HDFC ERGO is a 51:49 joint venture firm between HDFC and ERGO International AG, one of the insurance entities of the Munich Re Group in Germany operating in the insurance field under the BFSI sector. The company offers complete range of general insurance products in retail, corporate and rural sectors. The retail sector includes various products like health insurance, vehicle insurance, travel insurance, home insurance, personal accident insurance and cyber insurance. The Corporate sector includes products like liability, marine, and property insurance. Rural sector products include rainfall index insurance, Pradhan Mantri Fasal Bima Yojna and cattle insurance policy.

History 

HDFC Ltd. And ERGO International AG formed a joint venture firm named HDFC ERGO General Insurance Company Limited. ERGO became a 49% stakeholder in the Company in 2015. In June 2019,HDFC announced plans to acquire 51.2 per cent stake in Apollo Munich Health Insurance and later merged it with its general insurance arm, HDFC ERGO.

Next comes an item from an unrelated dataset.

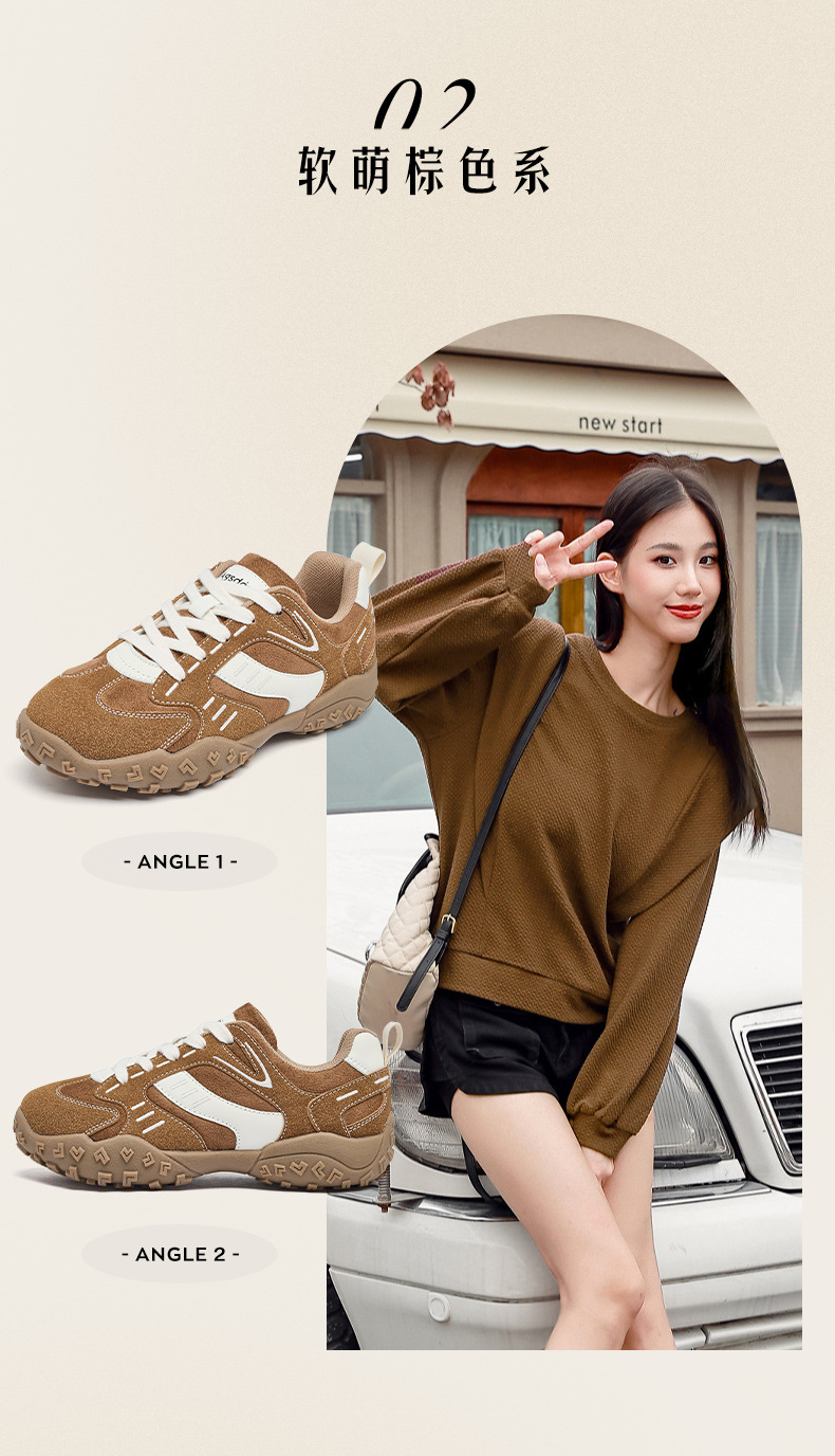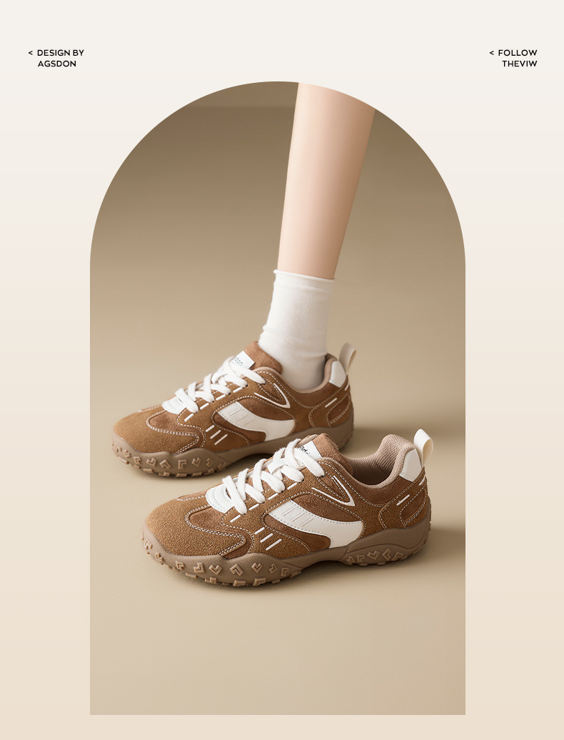 Augu Shi Deng retro zapatos de entrenamiento alemán para mujeres 2026 nuevo primavera marrón grueso waffle agam zapatos deportivos casuales

In 2020, HDFC Ergo Health Insurance( earlier known as Apollo Munich Health Insurance) merged with the company after the receipt of final approval from the Insurance Regulatory and Development Authority of India (IRDAI) making it the second-largest private insurer in the accident and health insurance business. With this merger, the company's product suite expanded to over 50 in this segment.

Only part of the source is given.